On a project I’m currently involved with we have to handle a constant influx of audit messages for processing. The messages come from about 50 SQL Express instances located in data centers around the globe, delivered via Service Broker into a processing queue hosted on a mirrored database where an activated procedure shreds the message payload into relational tables. These tables are in turn replicated with transactional replication into a data warehouse database. after that the messages are deleted from the processing servers, as replication is set up not to replicate deletes. The system must handle a constant average rate of about 200 messages per second, 24×7, with spikes going up to 2000-3000 messages per second over periods of minutes to an hour.
When dealing with these relatively high volumes, it is inevitable that queues will grow during the 2000 msgs/sec spikes and drain back to empty when the incoming rate stabilizes again at the normal 200 msgs/sec rate. Service Broker does an excellent job at handling these non-connectivity periods, retains the audit messages and quickly delivers them when connectivity is restored.

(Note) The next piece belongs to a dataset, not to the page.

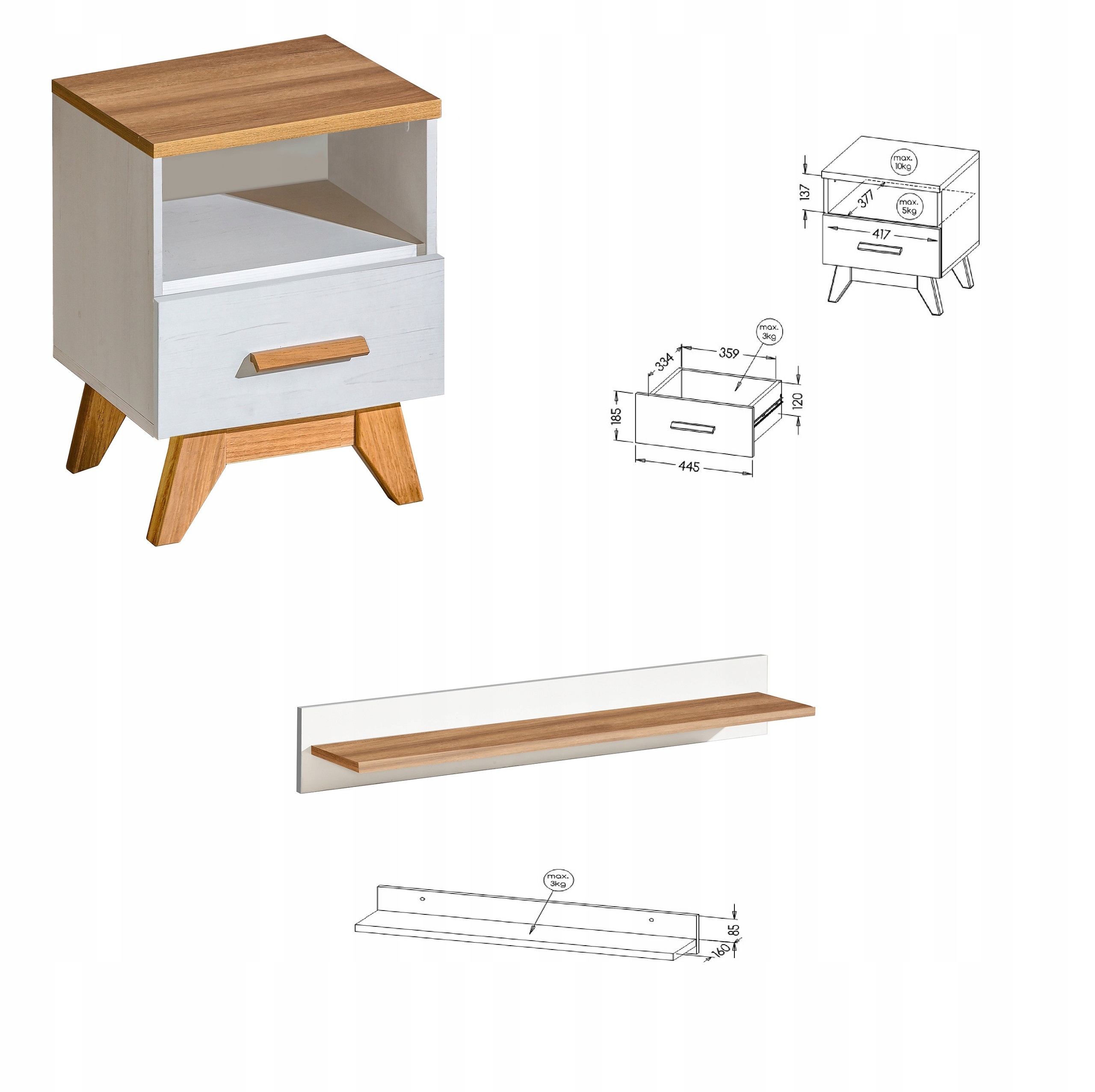 - Sven SV15 - 45 x 50,2 x 40 - стіл, тумбочка з ящиком і полиця

What I noticed though is that sometimes the processing of the received messages could hit a threshold from where it could not recover. The queue processing would slow down to a rate that was bellow the incoming rate, and from that point forward the queue could just grow. I want to detail a bit the reason why this can happen and what I did to alleviate the problem.
Index Fragmentation
Every DBA knows about fragmentation. All database developers also understand fragmentation and how to avoid it. So we can skip ahead and … wait. Actually, what is index fragmentation? Lets go back to the whitepaper Microsoft SQL Server 2000 Index Defragmentation Best Practices. Even though the whitepaper is for SQL 2000, it was recently updated on March 2009 and is the most detailed whitepaper dealing with index fragmentation released by Microsoft I know of:
- Fragmentation
- Fragmentation exists when indexes have pages in which the logical ordering, based on the key value, does not match the physical ordering inside the data file.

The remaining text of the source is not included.